After adjusting values for these issues, I charted the average attendance in the graph below. Sellouts are marked with an “X”:

While this was a substantial improvement from simply plotting demand as a percent of the number of seats at a track, there is still work to be done. Sell-outs introduce another statistical problem; they do not capture the entire demand to see a particular race. For example, Bristol sold all of its 160,000 tickets for several years. Despite having demand that outweighed the short-track’s seating supply (through wait-lists), the attendance was always reported as 160,000.

Fortunately, censored regression modeling can alleviate the problem of “unobserved demand.” Regression modeling takes into account several variables which impact attendance and finds those characteristics’ individual relationships with the number of attendees. Specifically, a censored model determines how many fans might have attended a race if a track had infinitely more tickets available. I take into account a variety of event characteristics — including several economic, location, schedule, and race-quality terms — to predict the theoretical demand for sold-out races.

From 2002 through 2012, I tallied thirty-six legitimate sell-outs [after my adjustments from problems (1) and (2) above]. The following table lists a sample of some of those events, their listed attendances (which were at full capacity), and their predicted values (from the censored regression model) given the characteristics surrounding that particular race:

For the sake of saving space, I randomly listed seven of these sold-out events. (As Clint Bowyer would remark, “Don’t read too much into it.”) My censored regression model for attendance (presented in the next table) does a nice job of capturing demand. For example, the 2003 race from Chicago sold all of its 85,000 seats; if more were available, however, the facility could have attracted over 104,000 race-fans. So what happens when I substitute these theoretical attendance values? The following graph compares the actual attendance in blue to my theoretical values in red:

As expected, simply plotting the reported attendance (blue) underestimates what the total demand (red) was in the mid-2000s. There were a number of sell-outs in that particular time-frame; if tracks had larger capacities, those extra seats likely would have been filled (I’m neither endorsing nor opposing a policy for tracks to expand or contract seating). In 2004, the total theoretical demand for the entire season was almost 400,000 people greater than the simple attendance reported by facilities.

So what characteristics drive these theoretical values? Does location matter? What about scheduling? And what about that pesky economy? The following table lists my censored regression model. In particular, each line measures the impact on attendance from a given race characteristic:

So there’s a lot going on there. Don’t worry; I’ll dig more into this throughout the fall and winter. If you’re not experienced with regression modeling, you’ll want to narrow your focus to the first two columns.

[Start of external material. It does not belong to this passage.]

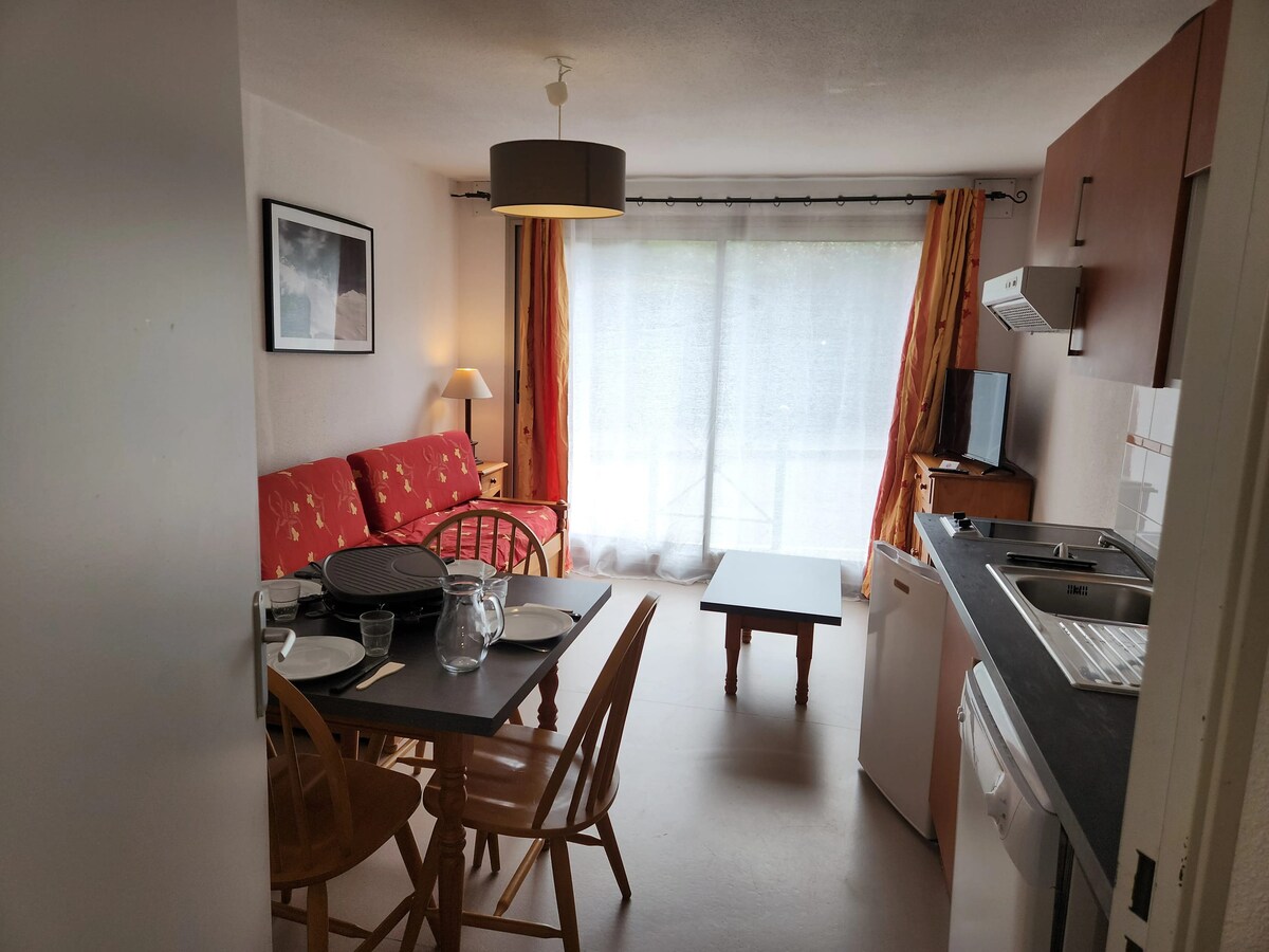 BONASCRE - AX TIGA ESTET - 4/6 ORANG KABIN T2 + DENGAN TERES - 150 meter dari cerun 50 meter mendaki 1 BILIK TIDUR + 1 KABIN SUDUT KATIL BERTINDIH + KATIL TARIK KELUAR DAPUR LENGKAP (ketuhar gelombang mikro, nespresso, mesin pencuci pinggan, mesin raclette, dll.) Bilik mandi (tab mandi) KOLAM RENANG DALAMAN WC berasingan - SAUNA LOKER SKI KELUARGA YANG IDEAL Kolam renang dan sauna ditutup antara 15 Mac dan 3 Jun dan 4-15 Disember September. cadar dan tuala tidak disediakan

The first column lists the variables that affect attendance. The number directly next to each race quality tells you how that characteristic affects the number fans in the stands.

For example, the coefficient next to “Is It a Chase Race?” is 0.109. This means that an event held in NASCAR’s playoff historically draws an in-person audience that is 10.9% larger than a similar race held during Cup’s regular season [0.109*100]. Similarly, a 10% increase in the rate for a hotel room (listed in the second line) results in a decrease in attendance by almost 10% [-0.982*10]. Meanwhile, categories that compare themselves to other lines are calculated similarly. One may opine, then, that events held in the South attract an audience that is 34.0% larger than a similar event held in the Midwest [0.340*100]Very generally, know that a positive coefficient in the second column means that more of that characteristic leads to more fans in the stands; while a negative value represents a decrease in an event’s attendance when that variable increases.

These interpretations of race qualities’ impact on attendance will be the basis for a lot of my research this fall. If you don’t fully understand that table — it’s okay; I’ll assess each characteristic individually in the coming weeks. I’m very thrilled that this core set of characteristics explains almost 90% of movements in attendance from the previous decade. (In my opinion, the other 10% stems mostly from ticket prices, marketing, Dale, Jr., and randomness; never ignore randomness — statistics cannot explain everything.)

While I’ll investigate in the future how track configurations and scheduling might affect the grandstands, I provide a brief glimpse of a cool results from censored regression modeling. Since I can isolate the impact of several variables; I may determine just how much the economy influenced attendance over the previous decade. The next graph plots the theoretical demand (the same red line as the previous graph), while the green line imagines the average attendance from race-to-race as if the economy were consistent:

I think that’s pretty cool. The economy certainly influences attendance heavily (as evidenced by the dramatic change in attendance in the red and green lines). The green line represents a hypothetical scenario in which unemployment, hotel prices, gas prices, and disposable income were constant throughout the decade. This “economy-adjusted” attendance average gives a clearer picture of how attendance to NASCAR races has changed for reasons not related to the economy. As the reader can see, the product has endured its ups-and-downs, but the economy-adjusted attendance is almost equal to number at the start of 2004.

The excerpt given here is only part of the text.